On the one hand, a bedrock requirement of democracy is that we all respect the outcome of free and fair elections. Regardless of whether we agree with an election’s result, the voters have a right to public service from their chosen candidate.
On the other hand, gerrymandered maps — drawn with the specific purpose of giving any incumbent, candidate, or political party an advantage or disadvantage — clearly violate the spirit of the CVRA. After all, California enacted its voting-rights law to ensure better representation for minorities and other underrepresented groups, not to give incumbents an advantage (or disadvantage).
One special consideration for Thousand Oaks is that there will be a 2024 election for two City Council seats now held by incumbents — mayor Kevin McNamee and mayor pro tem Al Adam.

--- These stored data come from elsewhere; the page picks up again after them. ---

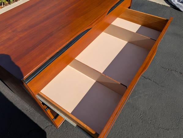 For your consideration is a stunning chest of drawers designed by John Kapel for Glenn of California, c1960s. Overall excellent refinished condition. Walnut frame with sculpted handles. Drawers include dividers. Mcm, mid century era.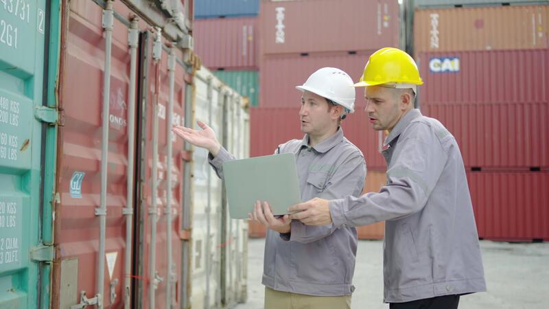 Two professional caucasian engineers dressed in safety uniforms review logistics operations on a laptop computer at a container terminal. They discuss strategies for improving workflow and safety Pro Video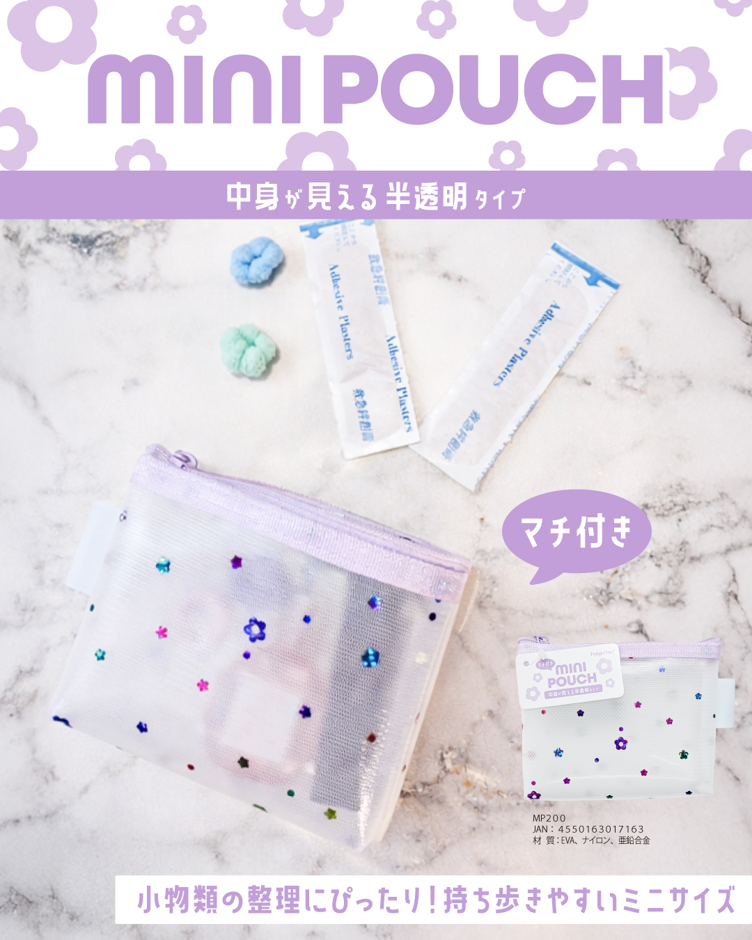 商品名:ミニポーチ花柄 品番:MP200 JAN:4550163017163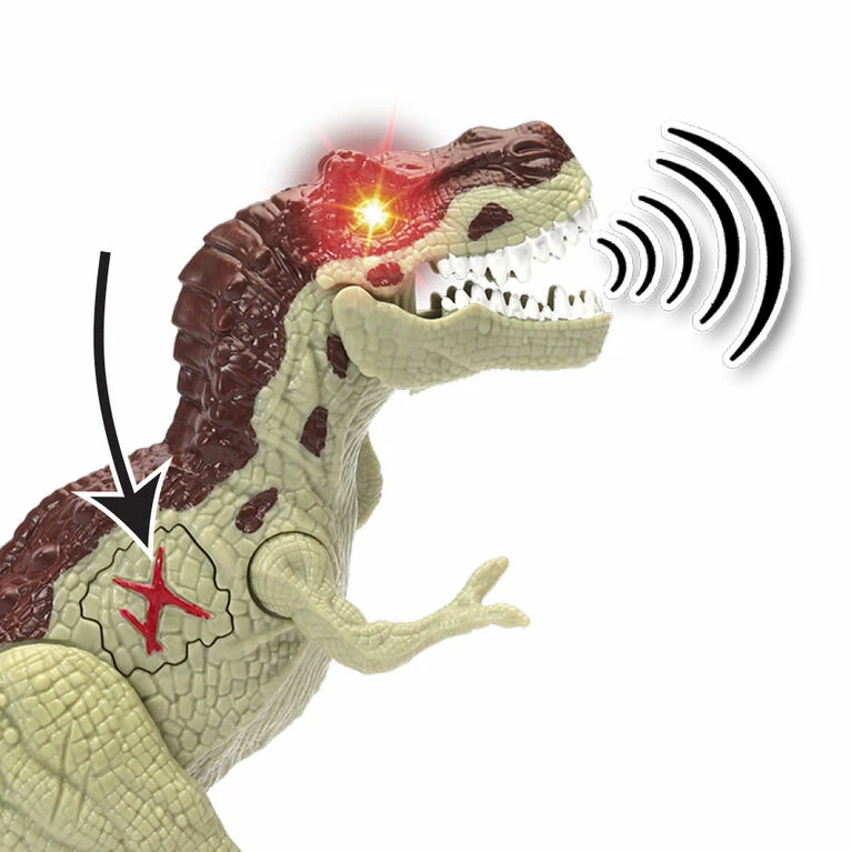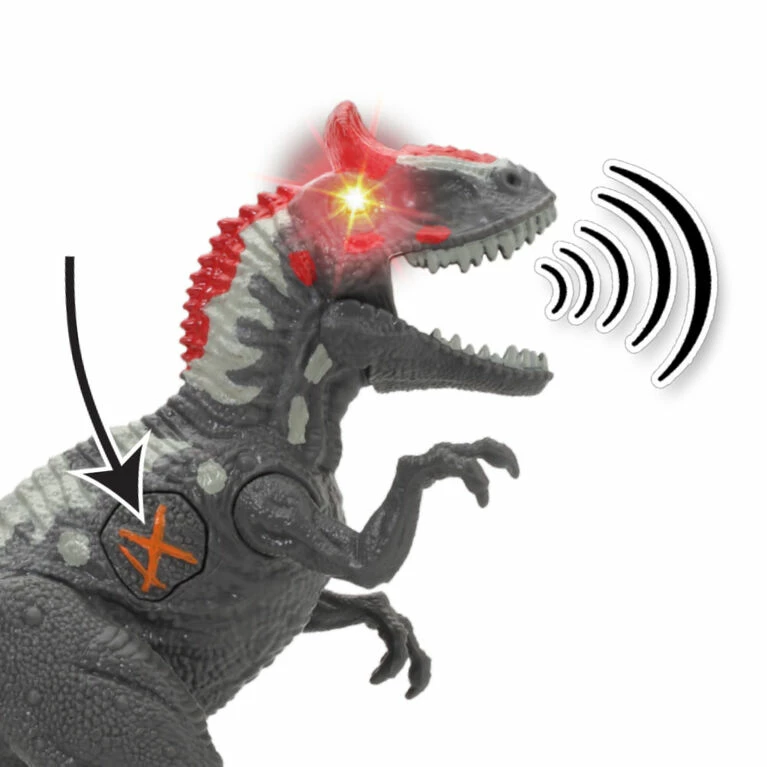 The jungle is overrun with dinosaurs on the loose, and it’s up to you and your team to retrieve them! This trio of terrible titans is sure to give you trouble. Choose from T-Rex, Cryolophosaurus, or Carnotaurus, each sold separately. The terrifying T-Rex roars and his eyes light up when you push the button. Twist the Cryolophosaurus to light up its intimidating crest and hear it scream. The Carnotaurus is ready to munch – push down on its tail to hear it bellow and see its eyes light up. So, will you capture them, or end up captured yourself?!

Many of the draft maps under consideration would put these men in the same district, while others leave all five incumbents in separate districts.
These two councilmembers’ seats will be up for election next year, with or without a move to district elections. Should one or both choose to run for re-election, they would need to stand for re-election anyway.
To reiterate, councilmembers may consider incumbency when drawing maps — but only optionally, and only after satisfying the six mandatory tests.
California’s Constitution actually forbids consideration of incumbency when drawing districts (Article XXI, Section 2e). However, that ban covers statewide and federal offices. The state Constitution is silent on the use of incumbency as a factor in drawing districts for county or local offices.
8. Future population trends (state): It’s not only possible but also quite likely that population patterns will change over time. The City Council may optionally consider future demographic changes in drawing district lines — but again, may do so only after satisfying the six mandatory tests.
Projections about future population growth are problematic on two counts. First, this optional consideration can directly contradict the first federal requirement that districts equally count the number of current residents. Second, projections are just that — educated guesses that may or may not pan out.
District lines aren’t cast in stone for eternity. Boundaries may change with every 10-year census cycle, or sooner if successfully challenged in the courts.
Finally, one criterion that must not be considered is economic interests. While economic development is very important to our community, and while the City Council takes many actions to further that development, it has no place in this discussion. The topic here is representation for residents, not businesses.
In early US history, most states originally allowed voting only by property owners, disenfranchising many citizens. Thankfully, all states removed that requirement by 1856. People vote, not property or business interests.
The whole point of going to districts is to ensure currently underrepresented groups have fair and equal access to the electoral process. That must be the focus — the only focus — as the City Council determines district boundaries.
Disclaimer: These are my personal opinions, and do not reflect official city policy.